De onde, Descartes questina, ele tiraria sua existência, se não houvesse Deus? E responde: (Γ): De
si mesmo; (Δ): Dos pais ou de outras coisas menos perfeitas. Se tivesse tirado sua existência de (Γ),
não duvidaria nem desejaria nem lhe faltaria perfeição alguma e, assim, seria Deus. Se tivesse tirado
sua existência de (Γ), não teria se privado de coisas de fácil aquisição (como alguns conhecimentos
que não possui) nem das de difícil aquisição (como as Qualidades [DEUS]). Dessa forma, havendo
uma qualidade não possuída por Descartes, surgiria de novo a idéia de Deus. Admitindo-se a
existência do eu sem nenhuma causa, ainda deveria existir Deus para que conserve esse eu, já que
ele ter existido em algum momento não implica que deva existir atualmente. Ele procura em si
mesmo o poder de criar ou de conservar (já que é o mesmo) a si mesmo no futuro, de produzir a si
próprio. Contudo, não o sente em si mesmo; donde deriva que ele depende de outro ser. Se, então,
depende de um ser externo, Descartes se pergunta se não seria de (Δ). Responde negativamente,
pois que a causa de sua natureza deve também ser coisa pensante e ter em si todas as Qualidades
[DEUS] atribuídas por Descartes próprio. Se essa causa tem origem de si mesma, ela é Deus e deve
possuir em ato todas as perfeições cujas idéias se lhe concebe. Caso tire sua existência de outra
causa diferente de si, perguntar-se-á por outras causas até que se chegue a Deus, pois terá que haver
alguém que conserve e mantenha o eu, a coisa pensante. Não é possível que as idéias de perfeição
não venham todas de Deus, mas venham de outras causas, pois a inseparabilidade das coisas
existentes em Deus é uma de suas maiores perfeições.

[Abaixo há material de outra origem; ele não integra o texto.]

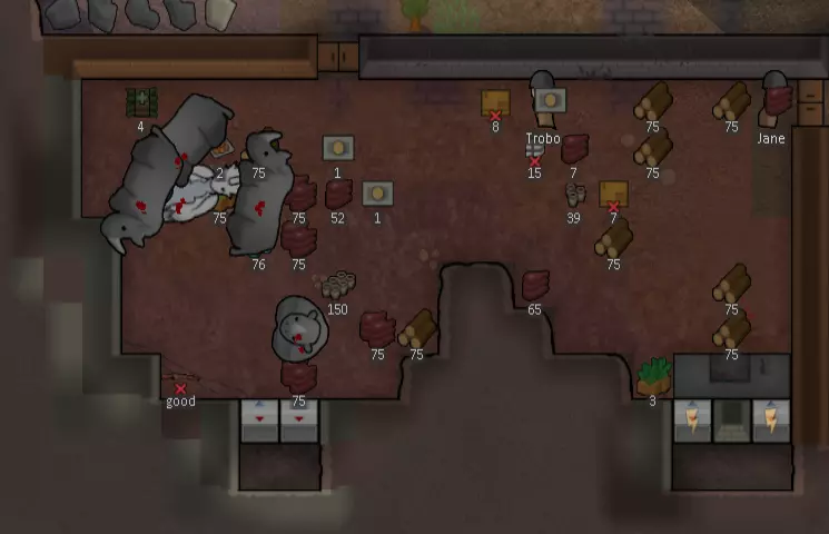 箭头指示物品通常的运输位置。房间大小不一定按比例绘制,此布局的多种变体都是合理的。【杀戮区】并非必需;采用此类布局时,也可以将敌人引诱至长廊,并从门口向其射击。【洁净室】应包含病床和厨房。 基地建筑 不同的建筑适用于殖民地的不同需求。地图生成时周围会有旧建筑,有时只是墙壁,有时是缺少部分区域的方形或矩形结构。如果位置便利,这些建筑完全可以作为起始点,大幅减少低技能角色的初始工作量,并减轻初期一无所有时的压力。存储 目前,我们需要建造的第一个房间是储藏室,因为物品如果放在室外或暴露在外会变质。设置一个储存区,覆盖房间的大部分区域,但要排除靠近门的地砖,因为有时殖民者可能会不小心把物品掉在门口,导致门无法关闭,造成安全隐患。你可以设置多个较小的储存区,并指定允许存放特定类型的物品,以便更好地组织它们。储藏室应建在靠近工坊的位置,以减少原材料的运输时间。 需要特别注意化学燃料或迫击炮弹等爆炸物,它们可能会爆炸并点燃你所有的库存。将它们分开放置在石制隔间中,并远离基地外部,以防止末日火箭筒击中物品,因为它们可以穿透墙壁。在此处放置一个灭火泡沫发生器,以防止火灾点燃弹药。 游戏中期,你可以添加轨道贸易信标,向贸易飞船出售物品。 营房是多个殖民者共享一个睡眠空间的房间。这在游戏初期很容易安置你的殖民者,但事实证明这很不方便,因为走动的殖民者会打扰其他居住者的睡眠,而且非恋人关系的殖民者不喜欢共享房间。床褥或床等家具可以提高他们的舒适度。家具越好,他们醒来的速度就越快,在日程安排中也会变得更有效率。在满足基本需求后,你应该升级殖民地,为殖民者提供私人卧室,同时可以将兵营改造成其他用途,比如医院或囚犯营房。 你可以通过放置雕塑、铺设美观的地板、安装温控设施以及摆放高品质家具(如梳妆台和床头柜)来为兵营添加正面心情加成,这些物品能同时提升多张床铺的舒适度。 殖民者喜欢在醒来后立即进食。初期你可以在兵营内放置桌椅,但条件允许时应将它们移到其他地方,因为进入兵营进食的殖民者会打扰其他人休息。在完成睡眠区建设后,应在兵营附近建造餐厅。 卧室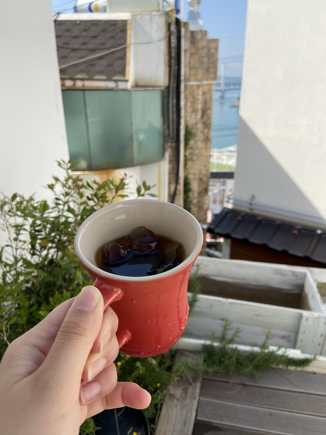 바다가 빼꼼 보이던 사랑스러운 마당. 호스트가 키우는 귀여운 화분들이 오종종하게 모여 있었고, 빨래 건조대를 펼쳐놓으면 거의 다 들어차는 아담한 공간이 있었다. 또, 세 명 정도가 둘러앉을 수 있는 작은 파라솔 테이블이 놓여 있었지. 더위는 아직 오지 않았고, 적당한 햇살이 내리쬈다. 그곳에서 나는 새소리를 듣다가 뱃고동 소릴 듣다가 괜히 재즈를 틀어놓고 책을 읽으며 모닝커피를 마셨다. 생각해 보니 모닝커피라는 말은 있어도 점심과 저녁에 먹는 커피를 런치 커피, 이브닝 커피라고 부르진 않았다. 그렇게 모닝커피는 신성한 것이다. 본래 모닝커피의 용도는-비록 아침부터 카페인을 수혈하는 용도로 변질되었으나-아침의 안온함을, 느긋한 여유를 즐기는 것이었으리라.

Se pensarmos na hipótese (Δ), diz Descartes, segue-se que, se eles, os pais, foram responsáveis pelo
nascimento de seu filho, isso não implica que eles o conservem atualmente ou que o tenham
produzido como res cogitans. Portanto, como o eu existe, e nele a idéia de um Deus perfeito; a
existência de Deus fica demonstrada. Não é pelos sentidos. Não é ficção, pois que se não pode
acrescentar ou diminuir nada. Então a idéia de Deus é inata. Deus, ao criar esse eu de que falamos,
colocou-lhe uma marca, donde é bem provável que conceba, a res cogitans, a semelhança entre ela e
Deus, por meio da faculdade usada pela res cogitans para se conceber a si mesma. Deus é o único
padrão de perfeição (pois as possui todas e não tem nenhuma carência que determine imperfeição)
que a coisa pensante, incompleta, almeja alcançar. Logo, Deus não pode ser enganador, porque esse
comportamento baseia-se na carência.

Afirma Descartes, que se deterá mais um pouco na contemplação do Deus perfeito e seus atributos,
antes de passar às outras verdades que se poderão inferir dessas até então. Afirma que a presente
meditação (a terceira), embora menos perfeita que a contemplação da Majestade divina (maior gozo
de outra vida), dá o maior gozo dessa vida.

QUINTA MEDITAÇÃO

4. - A Quinta meditação apresenta outra maneira de provar a existência de Deus. Não mais se trata
de partir de mim, que tenho a ideia de Deus, mas antes da ideia de Deus que há em mim. Apreender
a ideia de perfeição e afirmar a existência do ser perfeito é a mesma coisa. Pois uma perfeição não
existente não seria uma perfeição. É o argumento ontológico, o argumento de Santo Anselmo que
Descartes (que não leu Santo Anselmo) reencontra: trata-se, ainda aqui, mais de uma intuição, de
uma experiência espiritual (a de um infinito que me ultrapassa) do que de um raciocínio.